DESCRIPTION OF THE TASK: Verbatim copy without images: return all of the data as it stands.

PROVIDED DATA:
※

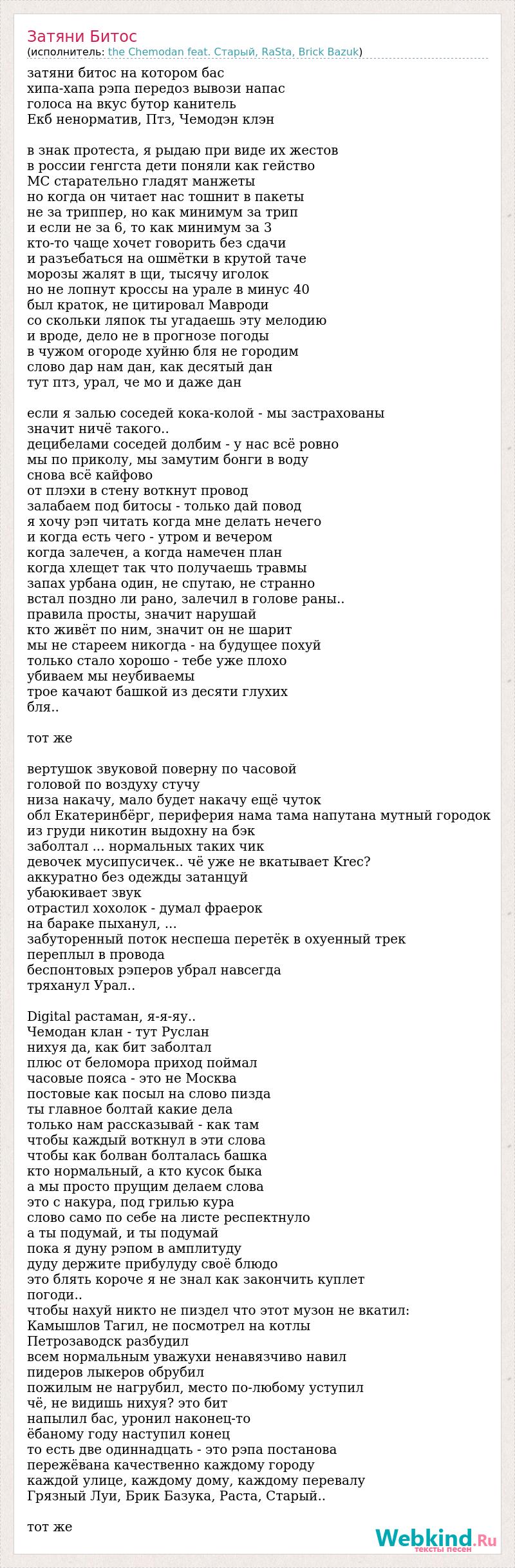затяни битос на котором бас хипа-хапа рэпа передоз вывози напас голоса на вкус бутор канитель Екб ненорматив, Птз, Чемодэн клэн в знак протеста, я рыдаю при виде их жестов в россии генгста дети поняли как гейство МС старательно гладят манжеты но когда он читает нас тошнит в пакеты не за триппер, но как минимум за трип и если не за 6, то как минимум за 3 кто-то чаще хочет говорить без сдачи и разъебаться на ошмётки в крутой таче морозы жалят в щи, тысячу иголок но не лопнут кроссы на урале в минус 40 был краток, не цитировал Мавроди со скольки ляпок ты угадаешь эту мелодию и вроде, дело не в прогнозе погоды в чужом огороде хуйню бля не городим слово дар нам дан, как десятый дан тут птз, урал, че мо и даже дан если я залью соседей кока-колой - мы застрахованы значит ничё такого.. децибелами соседей долбим - у нас всё ровно мы по приколу, мы замутим бонги в воду снова всё кайфово от плэхи в стену воткнут провод залабаем под битосы - только дай повод я хочу рэп читать когда мне делать нечего и когда есть чего - утром и вечером когда залечен, а когда намечен план когда хлещет так что получаешь травмы запах урбана один, не спутаю, не странно встал поздно ли рано, залечил в голове раны.. правила просты, значит нарушай кто живёт по ним, значит он не шарит мы не стареем никогда - на будущее похуй только стало хорошо - тебе уже плохо убиваем мы неубиваемы трое качают башкой из десяти глухих бля.. тот же вертушок звуковой поверну по часовой головой по воздуху стучу низа накачу, мало будет накачу ещё чуток обл Екатеринбёрг, периферия нама тама напутана мутный городок из груди никотин выдохну на бэк заболтал ... нормальных таких чик девочек мусипусичек.. чё уже не вкатывает Krec? аккуратно без одежды затанцуй убаюкивает звук отрастил хохолок - думал фраерок на бараке пыханул, ... забуторенный поток неспеша перетёк в охуенный трек переплыл в провода беспонтовых рэперов убрал навсегда тряханул Урал.. Digital растаман, я-я-яу.. Чемодан клан - тут Руслан нихуя да, как бит заболтал плюс от беломора приход поймал часовые пояса - это не Москва постовые как посыл на слово пизда ты главное болтай какие дела только нам рассказывай - как там чтобы каждый воткнул в эти слова чтобы как болван болталась башка кто нормальный, а кто кусок быка а мы просто прущим делаем слова это с накура, под грилью кура слово само по себе на листе респектнуло а ты подумай, и ты подумай пока я дуну рэпом в амплитуду дуду держите прибулуду своё блюдо это блять короче я не знал как закончить куплет погоди.. чтобы нахуй никто не пиздел что этот музон не вкатил: Камышлов Тагил, не посмотрел на котлы Петрозаводск разбудил всем нормальным уважухи ненавязчиво навил пидеров лыкеров обрубил пожилым не нагрубил, место по-любому уступил чё, не видишь нихуя? это бит напылил бас, уронил наконец-то ёбаному году наступил конец то есть две одиннадцать - это рэпа постанова пережёвана качественно каждому городу каждой улице, каждому дому, каждому перевалу Грязный Луи, Брик Базука, Раста, Старый.. тот же
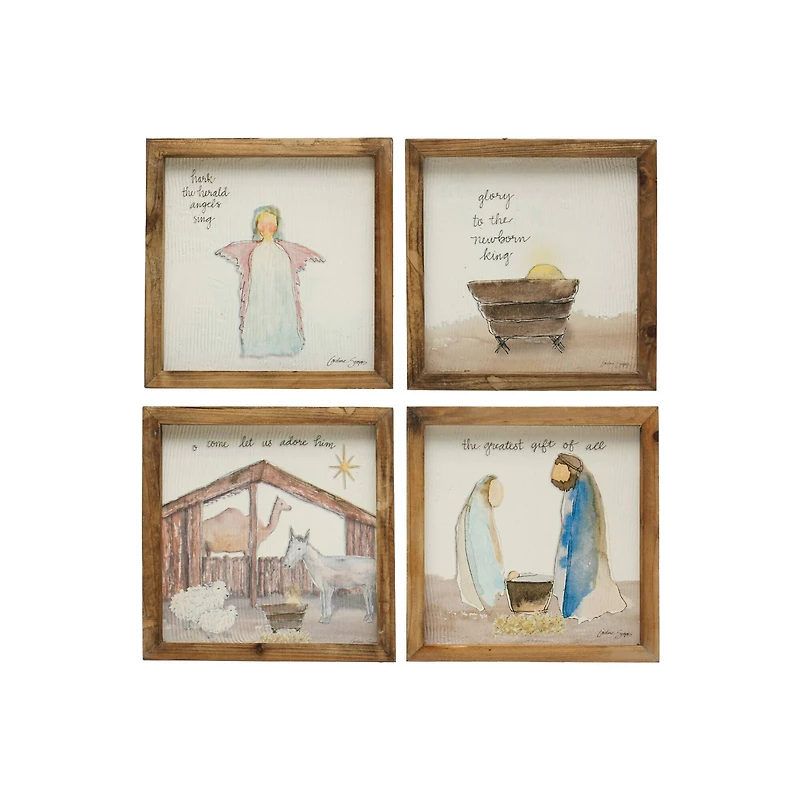 Experience the captivating beauty and heartwarming message of the "Peace on Earth" holiday décor collection. Inspired by enchanting winter night skies and the spirit of giving, this collection embodies the timeless traditions of the holiday season. Each décor item features traditional silhouettes and nativity themes, rendered in neutral hues with versatile organic styles that seamlessly blend with any interior design scheme. Gilded accents add a touch of luxurious elegance, evoking the beauty and magic of the holidays. The collection is a true celebration of peace, love, and joy, creating a serene and enchanting ambiance. Whether decorating your own home or looking for the perfect gift, this collection is sure to bring a sense of warmth and comfort to any space. This set includes four square wood-framed wall décor pieces with unique designs, perfect to add a rustic and charming touch to any room. Add a touch of magic to holiday displays with our stunning collection of wall art, including charming engravings, elegant signs, and playful prints, perfect for celebrating the season in style. Each holiday décor item is carefully crafted with the utmost attention to detail to ensure that it will be cherished for years to come.Details:Multicolor8.25" x 0.75" x 8.25" eachSet of 4 framed décorFirwoodFor indoor use
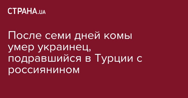 После семи дней комы умер украинец, подравшийся в Турции с россиянином

※

WRITTEN ANSWER:
затяни битос на котором бас хипа-хапа рэпа передоз вывози напас голоса на вкус бутор канитель Екб ненорматив, Птз, Чемодэн клэн в знак протеста, я рыдаю при виде их жестов в россии генгста дети поняли как гейство МС старательно гладят манжеты но когда он читает нас тошнит в пакеты не за триппер, но как минимум за трип и если не за 6, то как минимум за 3 кто-то чаще хочет говорить без сдачи и разъебаться на ошмётки в крутой таче морозы жалят в щи, тысячу иголок но не лопнут кроссы на урале в минус 40 был краток, не цитировал Мавроди со скольки ляпок ты угадаешь эту мелодию и вроде, дело не в прогнозе погоды в чужом огороде хуйню бля не городим слово дар нам дан, как десятый дан тут птз, урал, че мо и даже дан если я залью соседей кока-колой - мы застрахованы значит ничё такого.. децибелами соседей долбим - у нас всё ровно мы по приколу, мы замутим бонги в воду снова всё кайфово от плэхи в стену воткнут провод залабаем под битосы - только дай повод я хочу рэп читать когда мне делать нечего и когда есть чего - утром и вечером когда залечен, а когда намечен план когда хлещет так что получаешь травмы запах урбана один, не спутаю, не странно встал поздно ли рано, залечил в голове раны.. правила просты, значит нарушай кто живёт по ним, значит он не шарит мы не стареем никогда - на будущее похуй только стало хорошо - тебе уже плохо убиваем мы неубиваемы трое качают башкой из десяти глухих бля.. тот же вертушок звуковой поверну по часовой головой по воздуху стучу низа накачу, мало будет накачу ещё чуток обл Екатеринбёрг, периферия нама тама напутана мутный городок из груди никотин выдохну на бэк заболтал ... нормальных таких чик девочек мусипусичек.. чё уже не вкатывает Krec? аккуратно без одежды затанцуй убаюкивает звук отрастил хохолок - думал фраерок на бараке пыханул, ... забуторенный поток неспеша перетёк в охуенный трек переплыл в провода беспонтовых рэперов убрал навсегда тряханул Урал.. Digital растаман, я-я-яу.. Чемодан клан - тут Руслан нихуя да, как бит заболтал плюс от беломора приход поймал часовые пояса - это не Москва постовые как посыл на слово пизда ты главное болтай какие дела только нам рассказывай - как там чтобы каждый воткнул в эти слова чтобы как болван болталась башка кто нормальный, а кто кусок быка а мы просто прущим делаем слова это с накура, под грилью кура слово само по себе на листе респектнуло а ты подумай, и ты подумай пока я дуну рэпом в амплитуду дуду держите прибулуду своё блюдо это блять короче я не знал как закончить куплет погоди.. чтобы нахуй никто не пиздел что этот музон не вкатил: Камышлов Тагил, не посмотрел на котлы Петрозаводск разбудил всем нормальным уважухи ненавязчиво навил пидеров лыкеров обрубил пожилым не нагрубил, место по-любому уступил чё, не видишь нихуя? это бит напылил бас, уронил наконец-то ёбаному году наступил конец то есть две одиннадцать - это рэпа постанова пережёвана качественно каждому городу каждой улице, каждому дому, каждому перевалу Грязный Луи, Брик Базука, Раста, Старый.. тот же
 Experience the captivating beauty and heartwarming message of the "Peace on Earth" holiday décor collection. Inspired by enchanting winter night skies and the spirit of giving, this collection embodies the timeless traditions of the holiday season. Each décor item features traditional silhouettes and nativity themes, rendered in neutral hues with versatile organic styles that seamlessly blend with any interior design scheme. Gilded accents add a touch of luxurious elegance, evoking the beauty and magic of the holidays. The collection is a true celebration of peace, love, and joy, creating a serene and enchanting ambiance. Whether decorating your own home or looking for the perfect gift, this collection is sure to bring a sense of warmth and comfort to any space. This set includes four square wood-framed wall décor pieces with unique designs, perfect to add a rustic and charming touch to any room. Add a touch of magic to holiday displays with our stunning collection of wall art, including charming engravings, elegant signs, and playful prints, perfect for celebrating the season in style. Each holiday décor item is carefully crafted with the utmost attention to detail to ensure that it will be cherished for years to come.Details:Multicolor8.25" x 0.75" x 8.25" eachSet of 4 framed décorFirwoodFor indoor use
 После семи дней комы умер украинец, подравшийся в Турции с россиянином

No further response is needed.